DIRECTIONS - Look through the entries below for the line with "Dětské bílé (kojenecké)" and the line with "Fototapeta premium A", then give again exactly those two lines and all lines between them, minus the pictures.
= = = =
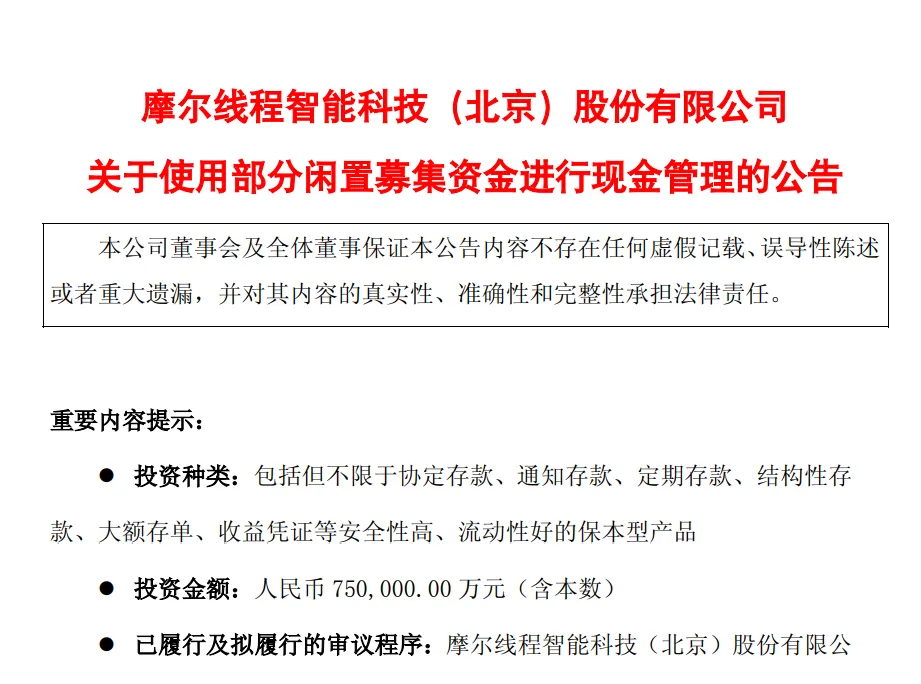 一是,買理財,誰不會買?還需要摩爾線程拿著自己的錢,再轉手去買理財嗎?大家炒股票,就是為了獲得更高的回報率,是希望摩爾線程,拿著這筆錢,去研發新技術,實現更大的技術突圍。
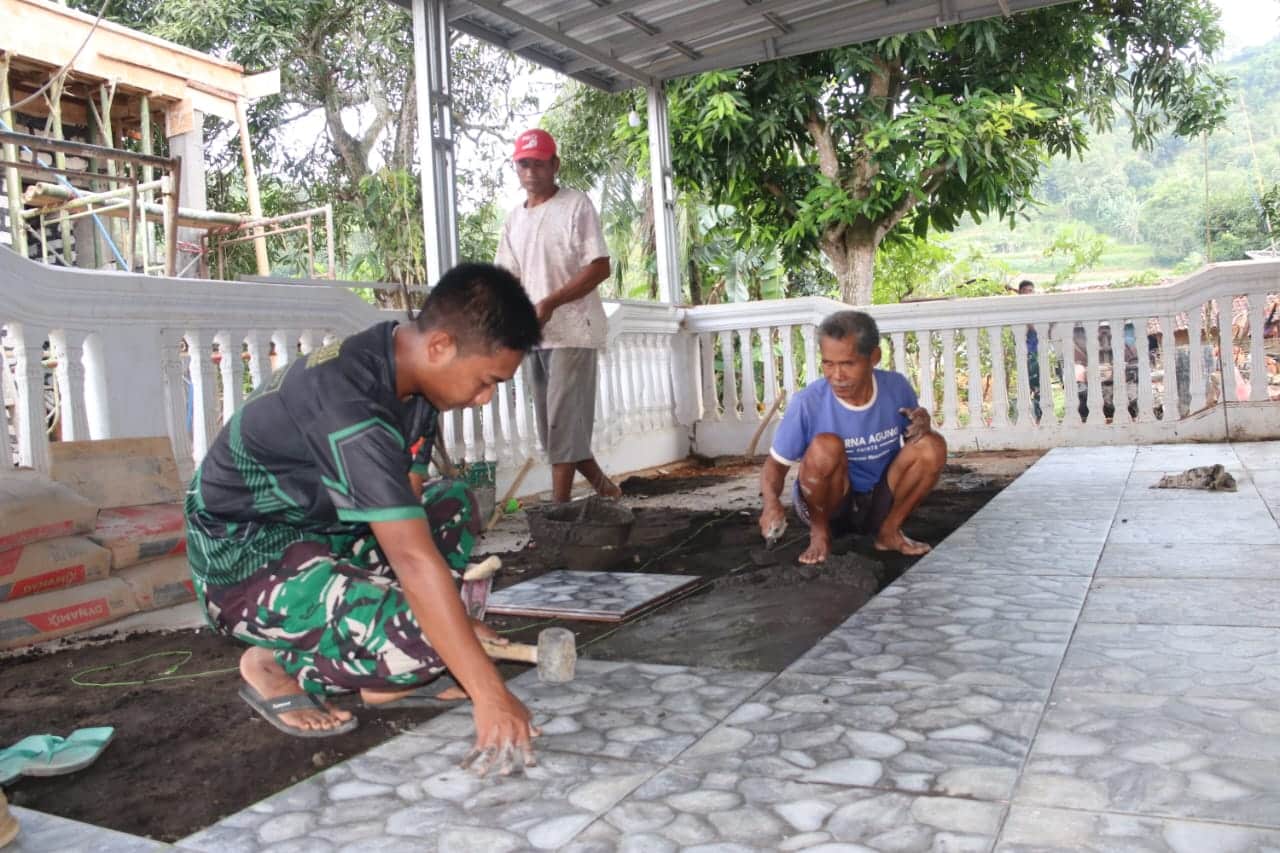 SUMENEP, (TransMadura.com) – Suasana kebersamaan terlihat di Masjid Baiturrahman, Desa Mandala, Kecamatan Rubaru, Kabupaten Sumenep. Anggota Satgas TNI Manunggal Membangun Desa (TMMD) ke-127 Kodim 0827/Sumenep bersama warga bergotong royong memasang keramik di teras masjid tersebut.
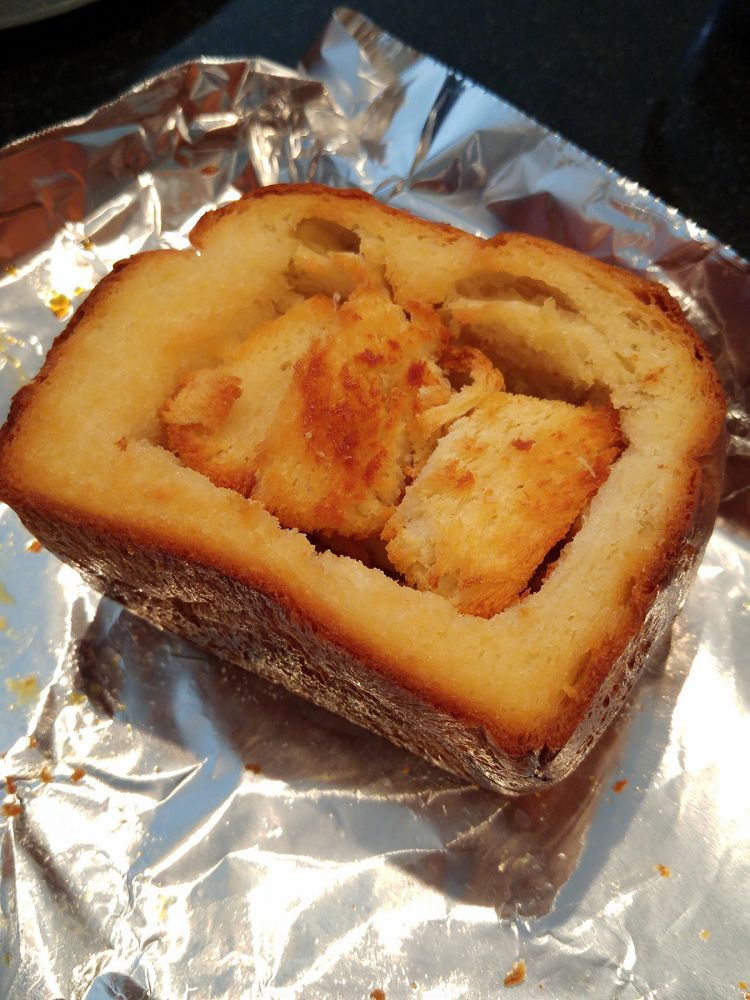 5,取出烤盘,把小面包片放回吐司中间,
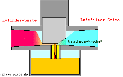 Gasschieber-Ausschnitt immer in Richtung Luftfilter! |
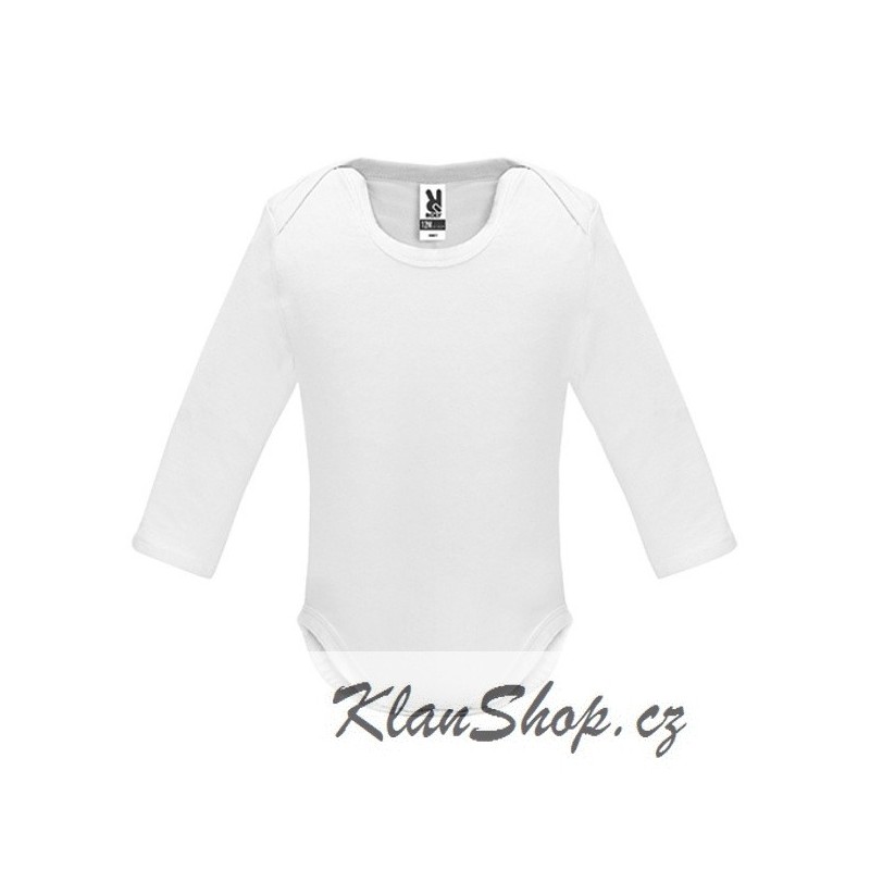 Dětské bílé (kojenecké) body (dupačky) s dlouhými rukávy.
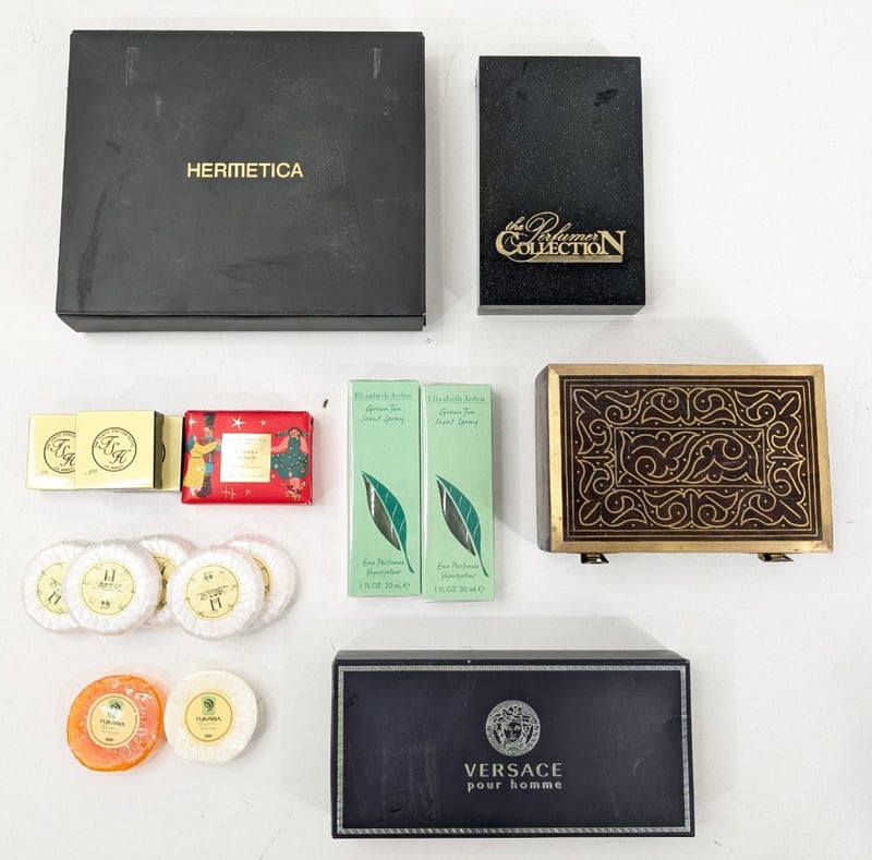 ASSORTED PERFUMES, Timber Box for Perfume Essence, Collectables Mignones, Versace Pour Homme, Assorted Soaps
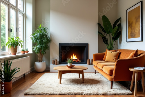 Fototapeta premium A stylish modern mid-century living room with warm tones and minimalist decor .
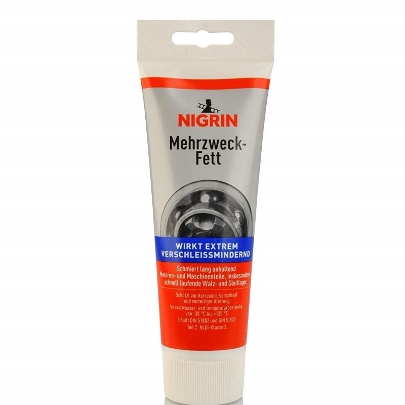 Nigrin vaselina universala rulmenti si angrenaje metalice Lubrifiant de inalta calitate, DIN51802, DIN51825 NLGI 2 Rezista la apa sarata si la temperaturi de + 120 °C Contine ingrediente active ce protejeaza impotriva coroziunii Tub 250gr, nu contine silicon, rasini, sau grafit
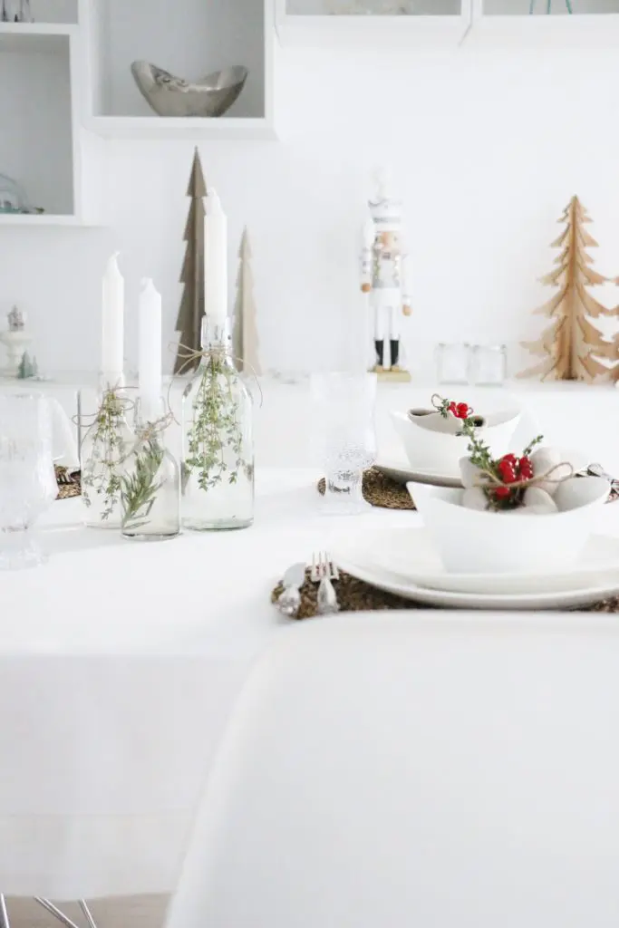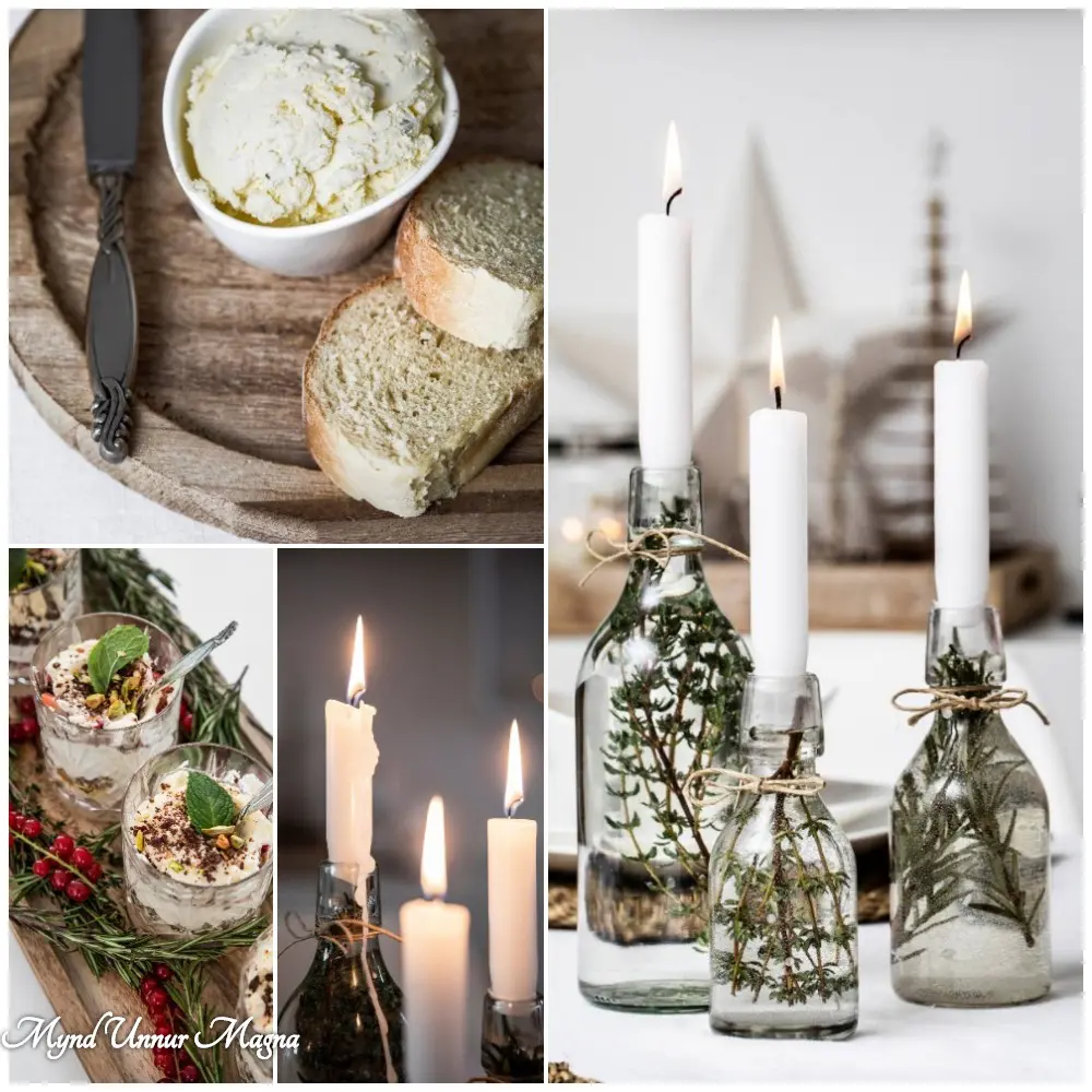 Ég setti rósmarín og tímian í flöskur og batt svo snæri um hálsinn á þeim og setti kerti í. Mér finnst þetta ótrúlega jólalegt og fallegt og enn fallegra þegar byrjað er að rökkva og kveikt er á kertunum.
= = = =
WRITTEN RESPONSE -
 Dětské bílé (kojenecké) body (dupačky) s dlouhými rukávy.
 ASSORTED PERFUMES, Timber Box for Perfume Essence, Collectables Mignones, Versace Pour Homme, Assorted Soaps
 Fototapeta premium A stylish modern mid-century living room with warm tones and minimalist decor .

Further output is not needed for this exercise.